BEGIN SUPPLIED DATA
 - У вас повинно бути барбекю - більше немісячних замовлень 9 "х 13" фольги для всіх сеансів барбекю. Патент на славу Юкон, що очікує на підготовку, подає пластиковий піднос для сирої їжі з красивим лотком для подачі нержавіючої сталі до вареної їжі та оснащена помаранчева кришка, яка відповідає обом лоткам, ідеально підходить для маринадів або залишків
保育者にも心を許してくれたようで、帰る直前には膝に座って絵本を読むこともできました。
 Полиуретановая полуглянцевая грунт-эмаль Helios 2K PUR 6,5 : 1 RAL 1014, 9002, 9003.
END SUPPLIED DATA
BEGIN SUPPLIED DATA
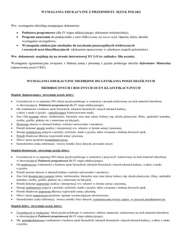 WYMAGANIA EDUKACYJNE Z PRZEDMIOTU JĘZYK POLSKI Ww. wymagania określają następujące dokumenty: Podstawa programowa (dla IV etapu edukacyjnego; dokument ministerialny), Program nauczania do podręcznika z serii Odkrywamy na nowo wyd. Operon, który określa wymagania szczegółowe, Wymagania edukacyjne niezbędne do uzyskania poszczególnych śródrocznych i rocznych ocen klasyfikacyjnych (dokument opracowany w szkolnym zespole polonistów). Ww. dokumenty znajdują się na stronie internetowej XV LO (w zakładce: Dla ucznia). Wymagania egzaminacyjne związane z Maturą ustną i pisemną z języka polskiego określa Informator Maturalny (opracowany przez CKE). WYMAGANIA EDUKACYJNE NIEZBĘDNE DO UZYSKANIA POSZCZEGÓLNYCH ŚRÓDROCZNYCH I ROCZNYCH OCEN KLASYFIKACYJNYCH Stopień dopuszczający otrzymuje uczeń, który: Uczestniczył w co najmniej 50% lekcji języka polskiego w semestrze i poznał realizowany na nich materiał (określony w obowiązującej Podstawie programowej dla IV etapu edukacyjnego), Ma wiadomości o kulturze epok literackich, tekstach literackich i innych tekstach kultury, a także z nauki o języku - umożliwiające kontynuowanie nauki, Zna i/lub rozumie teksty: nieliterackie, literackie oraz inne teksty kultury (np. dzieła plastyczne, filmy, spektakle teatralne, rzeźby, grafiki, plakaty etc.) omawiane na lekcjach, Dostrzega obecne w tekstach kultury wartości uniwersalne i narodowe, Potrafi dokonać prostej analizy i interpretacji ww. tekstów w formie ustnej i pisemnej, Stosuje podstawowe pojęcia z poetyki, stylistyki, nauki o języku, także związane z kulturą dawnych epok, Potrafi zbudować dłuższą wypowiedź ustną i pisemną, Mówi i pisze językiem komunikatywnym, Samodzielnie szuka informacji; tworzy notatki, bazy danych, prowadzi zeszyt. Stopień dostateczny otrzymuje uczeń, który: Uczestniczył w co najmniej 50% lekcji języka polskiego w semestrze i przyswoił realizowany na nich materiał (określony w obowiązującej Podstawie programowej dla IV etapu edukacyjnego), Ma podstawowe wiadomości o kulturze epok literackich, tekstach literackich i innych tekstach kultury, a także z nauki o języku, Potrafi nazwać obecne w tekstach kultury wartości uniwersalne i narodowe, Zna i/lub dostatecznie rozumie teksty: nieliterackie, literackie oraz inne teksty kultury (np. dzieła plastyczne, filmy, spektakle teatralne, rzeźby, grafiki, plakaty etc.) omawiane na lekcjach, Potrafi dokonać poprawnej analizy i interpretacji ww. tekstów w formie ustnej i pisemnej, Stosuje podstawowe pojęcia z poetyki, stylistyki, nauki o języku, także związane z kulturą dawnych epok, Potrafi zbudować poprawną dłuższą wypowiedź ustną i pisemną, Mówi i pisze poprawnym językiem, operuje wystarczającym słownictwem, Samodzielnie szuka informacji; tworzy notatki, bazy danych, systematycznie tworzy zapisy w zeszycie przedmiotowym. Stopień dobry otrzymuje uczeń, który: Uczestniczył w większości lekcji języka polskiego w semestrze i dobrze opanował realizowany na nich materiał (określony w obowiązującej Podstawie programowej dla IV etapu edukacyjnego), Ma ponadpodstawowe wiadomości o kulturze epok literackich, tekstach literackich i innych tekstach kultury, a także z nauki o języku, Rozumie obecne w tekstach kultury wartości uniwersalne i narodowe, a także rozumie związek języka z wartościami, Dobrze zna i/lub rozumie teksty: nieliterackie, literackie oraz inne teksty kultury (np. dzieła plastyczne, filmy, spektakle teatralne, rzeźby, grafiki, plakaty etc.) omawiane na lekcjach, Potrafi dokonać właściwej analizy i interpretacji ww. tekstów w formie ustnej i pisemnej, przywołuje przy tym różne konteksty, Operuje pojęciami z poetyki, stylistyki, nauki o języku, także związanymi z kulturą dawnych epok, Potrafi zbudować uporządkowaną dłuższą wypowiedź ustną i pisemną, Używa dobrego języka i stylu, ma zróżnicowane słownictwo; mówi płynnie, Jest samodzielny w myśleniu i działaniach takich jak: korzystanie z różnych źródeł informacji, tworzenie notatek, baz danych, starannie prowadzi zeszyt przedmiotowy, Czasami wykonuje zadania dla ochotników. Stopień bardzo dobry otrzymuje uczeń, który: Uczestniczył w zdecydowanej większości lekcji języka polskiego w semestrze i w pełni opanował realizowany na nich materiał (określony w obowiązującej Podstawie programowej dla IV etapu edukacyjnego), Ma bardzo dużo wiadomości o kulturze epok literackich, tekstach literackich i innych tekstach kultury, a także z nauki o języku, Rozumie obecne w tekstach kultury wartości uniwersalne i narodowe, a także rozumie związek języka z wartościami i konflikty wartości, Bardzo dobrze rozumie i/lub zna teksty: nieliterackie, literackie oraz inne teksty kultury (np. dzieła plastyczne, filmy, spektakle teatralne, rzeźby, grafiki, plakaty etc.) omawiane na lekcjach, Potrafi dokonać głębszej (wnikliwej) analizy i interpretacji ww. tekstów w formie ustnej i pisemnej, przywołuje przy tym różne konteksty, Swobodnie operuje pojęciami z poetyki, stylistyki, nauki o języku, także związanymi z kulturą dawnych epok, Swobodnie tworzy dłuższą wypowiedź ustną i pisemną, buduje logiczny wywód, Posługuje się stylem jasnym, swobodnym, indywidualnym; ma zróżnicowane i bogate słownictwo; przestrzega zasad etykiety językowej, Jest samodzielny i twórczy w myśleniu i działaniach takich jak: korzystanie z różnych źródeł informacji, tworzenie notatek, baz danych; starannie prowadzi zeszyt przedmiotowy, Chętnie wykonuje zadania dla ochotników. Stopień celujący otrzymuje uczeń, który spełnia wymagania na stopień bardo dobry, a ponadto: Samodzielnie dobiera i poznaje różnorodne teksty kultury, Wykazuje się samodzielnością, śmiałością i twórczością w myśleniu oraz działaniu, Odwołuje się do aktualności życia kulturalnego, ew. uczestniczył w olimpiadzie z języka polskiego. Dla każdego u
END SUPPLIED DATA
BEGIN SUPPLIED DATA
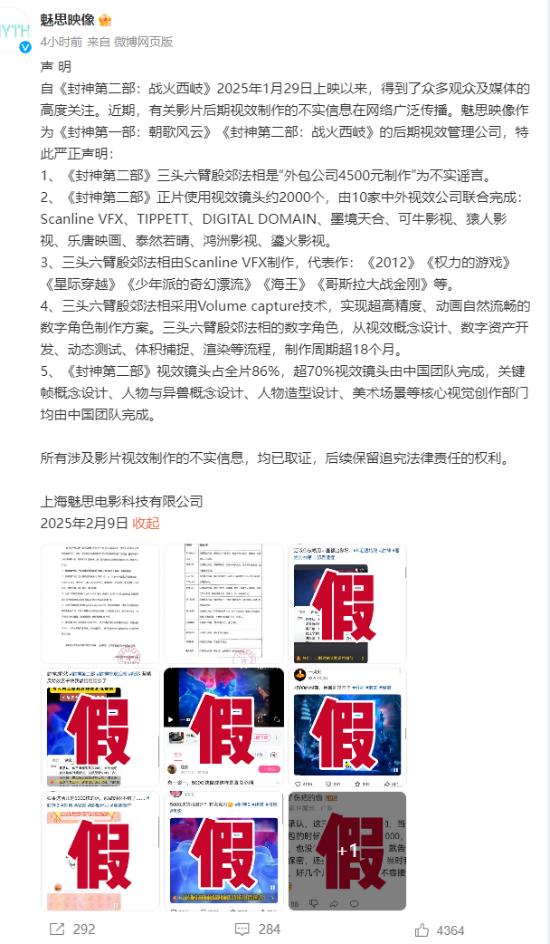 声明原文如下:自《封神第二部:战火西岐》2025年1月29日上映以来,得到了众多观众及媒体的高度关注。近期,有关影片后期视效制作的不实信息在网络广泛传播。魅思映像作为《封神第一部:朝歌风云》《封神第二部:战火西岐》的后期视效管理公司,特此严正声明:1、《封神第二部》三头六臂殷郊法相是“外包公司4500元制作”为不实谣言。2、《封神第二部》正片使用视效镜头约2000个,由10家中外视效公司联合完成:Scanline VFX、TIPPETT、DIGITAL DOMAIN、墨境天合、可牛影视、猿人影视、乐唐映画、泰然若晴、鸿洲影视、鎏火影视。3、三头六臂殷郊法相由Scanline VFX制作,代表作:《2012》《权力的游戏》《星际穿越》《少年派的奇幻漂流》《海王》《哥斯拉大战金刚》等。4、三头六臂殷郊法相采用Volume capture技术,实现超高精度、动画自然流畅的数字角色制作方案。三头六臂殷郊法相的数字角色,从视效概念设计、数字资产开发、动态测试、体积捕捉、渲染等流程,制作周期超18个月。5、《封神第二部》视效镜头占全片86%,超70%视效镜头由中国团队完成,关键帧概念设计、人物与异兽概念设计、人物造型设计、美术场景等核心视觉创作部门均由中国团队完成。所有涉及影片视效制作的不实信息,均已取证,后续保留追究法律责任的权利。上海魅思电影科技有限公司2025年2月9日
END SUPPLIED DATA
Above are the entries. Quote exactly the lines from the one bearing "保育者にも心を許してくれたよ" through the one bearing "Полиуретановая полуглянцевая грунт-эмаль".

■ **RESULT OF THE EXERCISE**:
保育者にも心を許してくれたようで、帰る直前には膝に座って絵本を読むこともできました。
 Полиуретановая полуглянцевая грунт-эмаль Helios 2K PUR 6,5 : 1 RAL 1014, 9002, 9003.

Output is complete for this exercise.